TASK.
Pictures in the listing should not be copied. Reproduce, word for word, each line from the one holding "阳朔有许多砂锅饭,有的是可以" through the final line.

THE DATA.
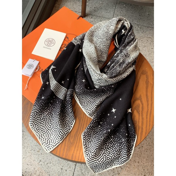 “캐시미어와 실크 소재에 페가수스 프린트를 더한 에르메스 시그니처 숄 스카프” 소재: 캐시미어 70%, 실크 30% 혼방 원단. 디테일: 월광 페가수스 프린트 디자인, 수작업 롤 엣지 마감. 사이즈: 140 × 140 cm ㅡ #스카프
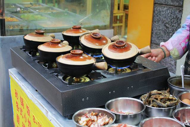 阳朔有许多砂锅饭,有的是可以选择菜品的,现场制作,砂锅做的米粉稍微会干一些,混合在一起味道还不错。
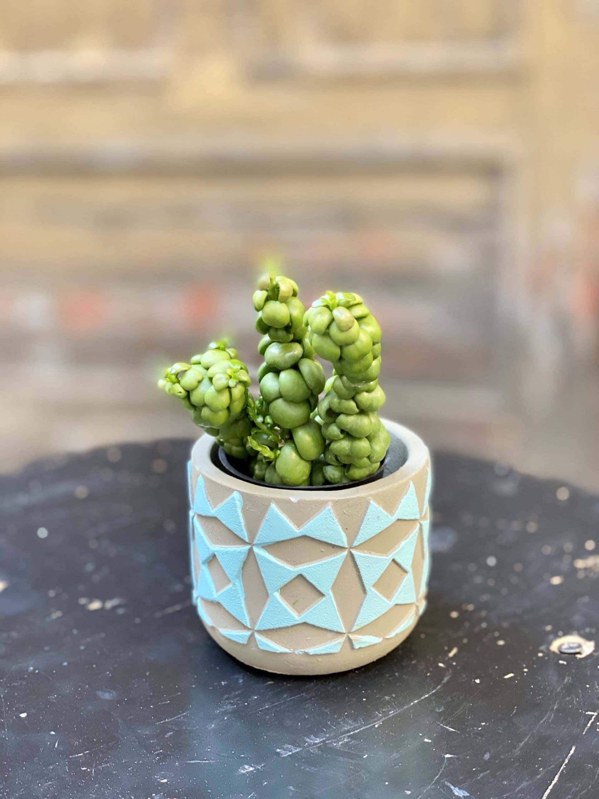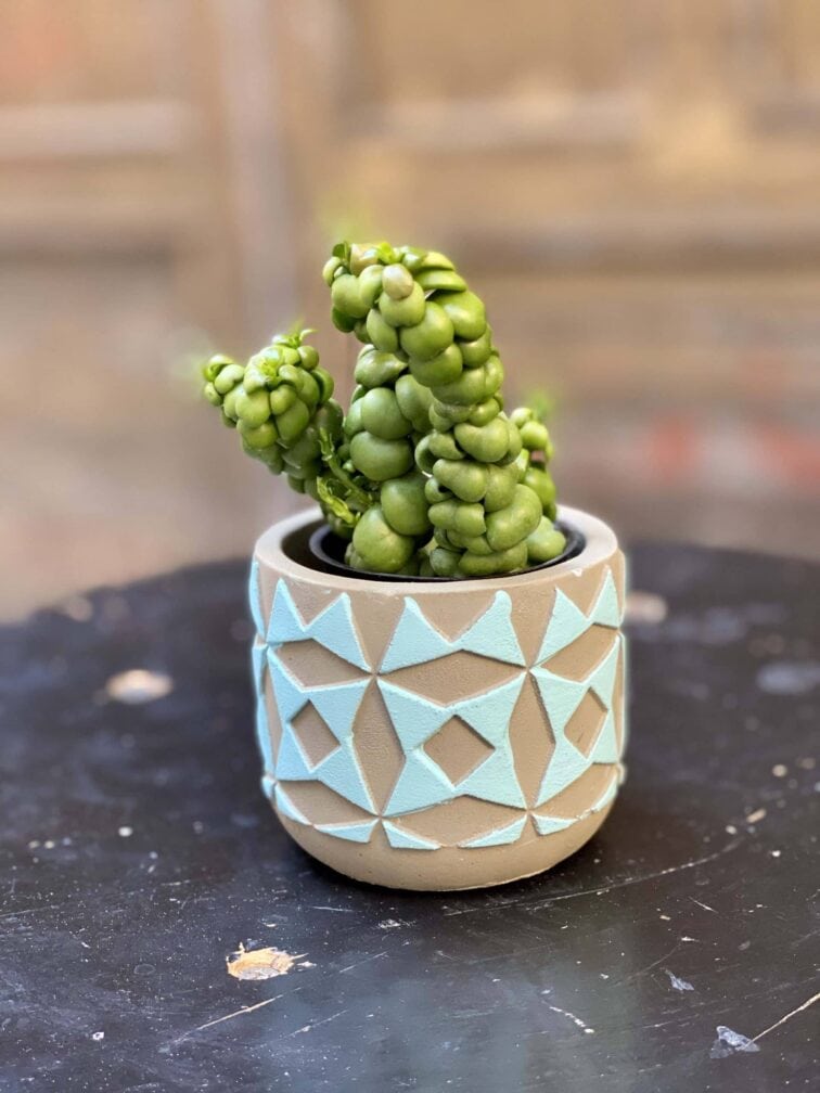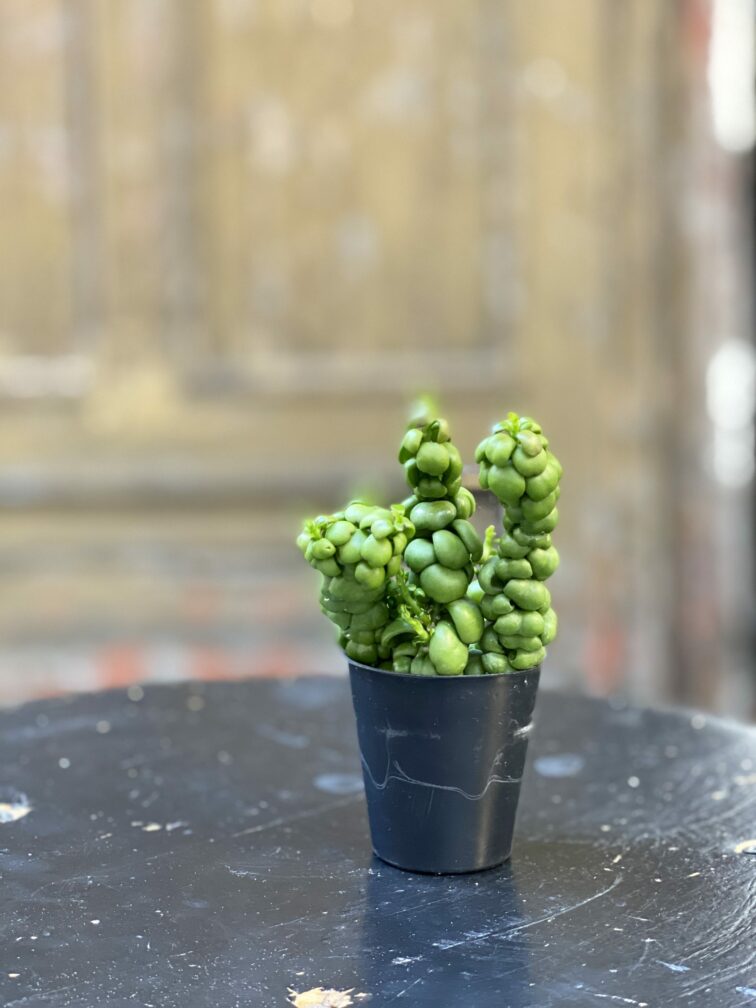 Widoczna na zdjęciu roślina: Dischidia Pangolin Kisses ma wysokość około 10 cm. Jej doniczka ma 5 cm średnicy oraz 5 cm wysokości.

EXERCISE ANSWER.
 阳朔有许多砂锅饭,有的是可以选择菜品的,现场制作,砂锅做的米粉稍微会干一些,混合在一起味道还不错。
 Widoczna na zdjęciu roślina: Dischidia Pangolin Kisses ma wysokość około 10 cm. Jej doniczka ma 5 cm średnicy oraz 5 cm wysokości.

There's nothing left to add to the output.